* **What is needed**:
Look through the material below. Return exactly the lines from the one with "The ALE plots" through the one with "Marca : Valentina", both included.

* **Task data**:

* * * * *

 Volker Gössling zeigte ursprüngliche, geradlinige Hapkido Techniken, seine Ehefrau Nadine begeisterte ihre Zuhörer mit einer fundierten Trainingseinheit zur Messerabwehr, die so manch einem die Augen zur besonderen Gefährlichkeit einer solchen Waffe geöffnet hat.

* * * * *

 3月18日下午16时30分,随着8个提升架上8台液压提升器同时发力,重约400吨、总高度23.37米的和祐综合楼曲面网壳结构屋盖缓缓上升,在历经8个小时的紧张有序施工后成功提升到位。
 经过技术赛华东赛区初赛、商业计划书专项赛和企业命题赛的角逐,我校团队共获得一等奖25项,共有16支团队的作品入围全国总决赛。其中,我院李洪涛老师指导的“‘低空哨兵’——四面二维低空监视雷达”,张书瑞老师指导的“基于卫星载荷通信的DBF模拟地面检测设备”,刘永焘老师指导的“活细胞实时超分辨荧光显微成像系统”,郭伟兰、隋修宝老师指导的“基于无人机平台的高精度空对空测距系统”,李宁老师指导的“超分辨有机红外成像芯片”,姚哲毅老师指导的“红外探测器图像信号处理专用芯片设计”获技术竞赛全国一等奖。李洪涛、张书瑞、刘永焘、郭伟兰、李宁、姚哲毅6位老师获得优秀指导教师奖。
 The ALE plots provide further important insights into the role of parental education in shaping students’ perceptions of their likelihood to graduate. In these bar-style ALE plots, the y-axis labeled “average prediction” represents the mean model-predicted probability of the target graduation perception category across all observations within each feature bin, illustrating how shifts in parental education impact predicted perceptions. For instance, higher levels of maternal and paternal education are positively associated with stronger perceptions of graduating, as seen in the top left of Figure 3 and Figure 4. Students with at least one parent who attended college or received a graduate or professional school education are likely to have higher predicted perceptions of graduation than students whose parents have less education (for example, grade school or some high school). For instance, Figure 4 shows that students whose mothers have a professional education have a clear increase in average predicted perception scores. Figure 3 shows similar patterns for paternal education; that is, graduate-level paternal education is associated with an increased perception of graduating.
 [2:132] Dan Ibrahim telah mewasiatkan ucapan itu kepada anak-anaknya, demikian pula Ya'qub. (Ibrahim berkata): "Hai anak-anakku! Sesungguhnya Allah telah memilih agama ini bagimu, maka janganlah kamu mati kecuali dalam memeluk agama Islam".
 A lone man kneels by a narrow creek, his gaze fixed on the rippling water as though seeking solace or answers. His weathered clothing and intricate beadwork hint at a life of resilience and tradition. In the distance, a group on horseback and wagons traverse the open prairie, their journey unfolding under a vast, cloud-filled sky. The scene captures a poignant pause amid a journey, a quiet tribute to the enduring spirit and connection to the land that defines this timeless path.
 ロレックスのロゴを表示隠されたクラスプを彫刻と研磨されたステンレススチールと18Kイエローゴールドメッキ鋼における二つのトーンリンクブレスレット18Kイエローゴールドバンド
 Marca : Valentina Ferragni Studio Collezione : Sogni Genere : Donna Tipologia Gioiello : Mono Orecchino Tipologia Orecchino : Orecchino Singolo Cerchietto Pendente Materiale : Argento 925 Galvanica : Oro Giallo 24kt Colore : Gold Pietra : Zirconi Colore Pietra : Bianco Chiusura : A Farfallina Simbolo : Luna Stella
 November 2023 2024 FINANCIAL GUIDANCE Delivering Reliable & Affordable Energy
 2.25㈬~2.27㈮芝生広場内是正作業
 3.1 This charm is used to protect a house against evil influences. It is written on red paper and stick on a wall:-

* * * * *

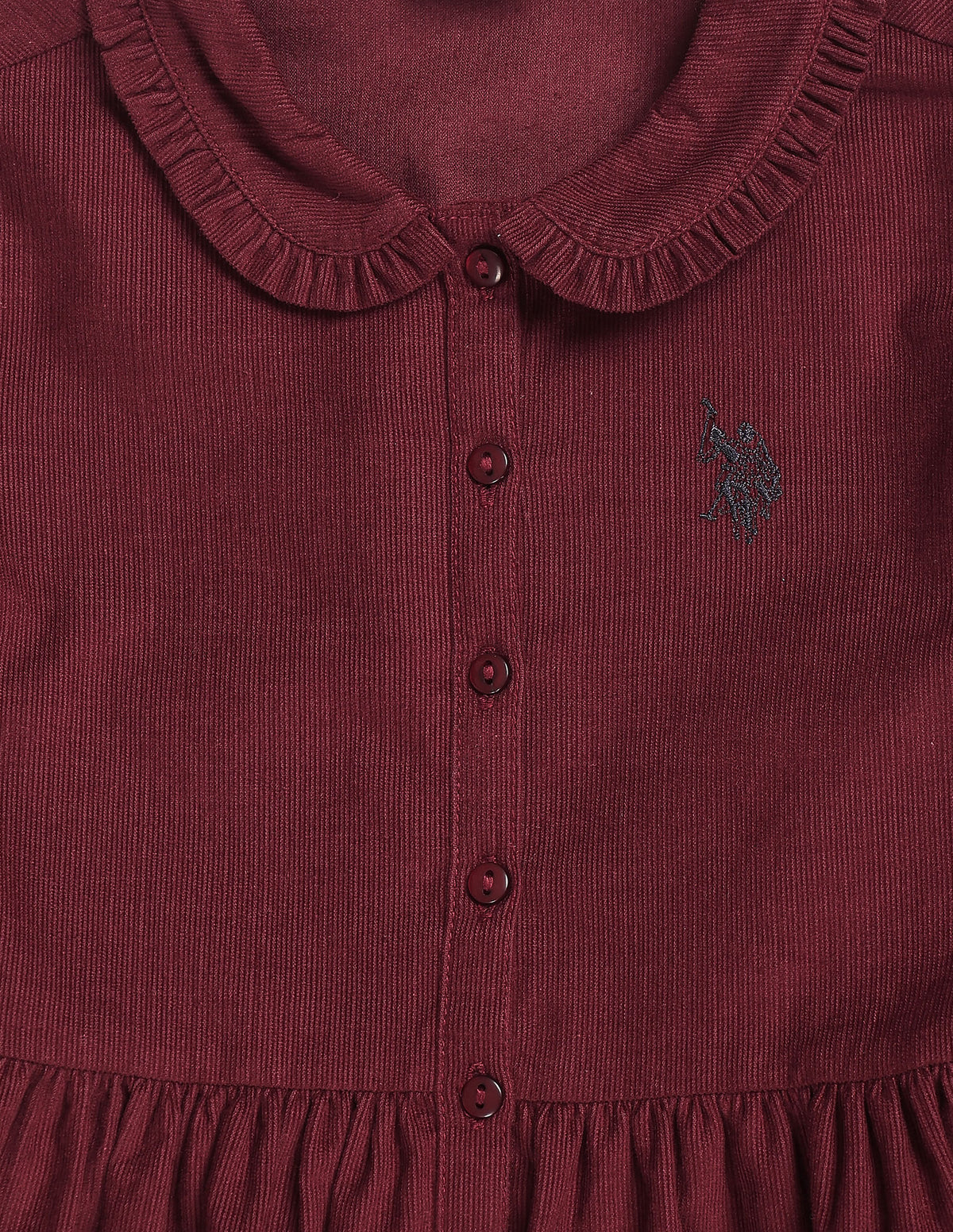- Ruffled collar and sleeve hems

* * * * *

* **Written solution**:
 The ALE plots provide further important insights into the role of parental education in shaping students’ perceptions of their likelihood to graduate. In these bar-style ALE plots, the y-axis labeled “average prediction” represents the mean model-predicted probability of the target graduation perception category across all observations within each feature bin, illustrating how shifts in parental education impact predicted perceptions. For instance, higher levels of maternal and paternal education are positively associated with stronger perceptions of graduating, as seen in the top left of Figure 3 and Figure 4. Students with at least one parent who attended college or received a graduate or professional school education are likely to have higher predicted perceptions of graduation than students whose parents have less education (for example, grade school or some high school). For instance, Figure 4 shows that students whose mothers have a professional education have a clear increase in average predicted perception scores. Figure 3 shows similar patterns for paternal education; that is, graduate-level paternal education is associated with an increased perception of graduating.
 [2:132] Dan Ibrahim telah mewasiatkan ucapan itu kepada anak-anaknya, demikian pula Ya'qub. (Ibrahim berkata): "Hai anak-anakku! Sesungguhnya Allah telah memilih agama ini bagimu, maka janganlah kamu mati kecuali dalam memeluk agama Islam".
 A lone man kneels by a narrow creek, his gaze fixed on the rippling water as though seeking solace or answers. His weathered clothing and intricate beadwork hint at a life of resilience and tradition. In the distance, a group on horseback and wagons traverse the open prairie, their journey unfolding under a vast, cloud-filled sky. The scene captures a poignant pause amid a journey, a quiet tribute to the enduring spirit and connection to the land that defines this timeless path.
 ロレックスのロゴを表示隠されたクラスプを彫刻と研磨されたステンレススチールと18Kイエローゴールドメッキ鋼における二つのトーンリンクブレスレット18Kイエローゴールドバンド
 Marca : Valentina Ferragni Studio Collezione : Sogni Genere : Donna Tipologia Gioiello : Mono Orecchino Tipologia Orecchino : Orecchino Singolo Cerchietto Pendente Materiale : Argento 925 Galvanica : Oro Giallo 24kt Colore : Gold Pietra : Zirconi Colore Pietra : Bianco Chiusura : A Farfallina Simbolo : Luna Stella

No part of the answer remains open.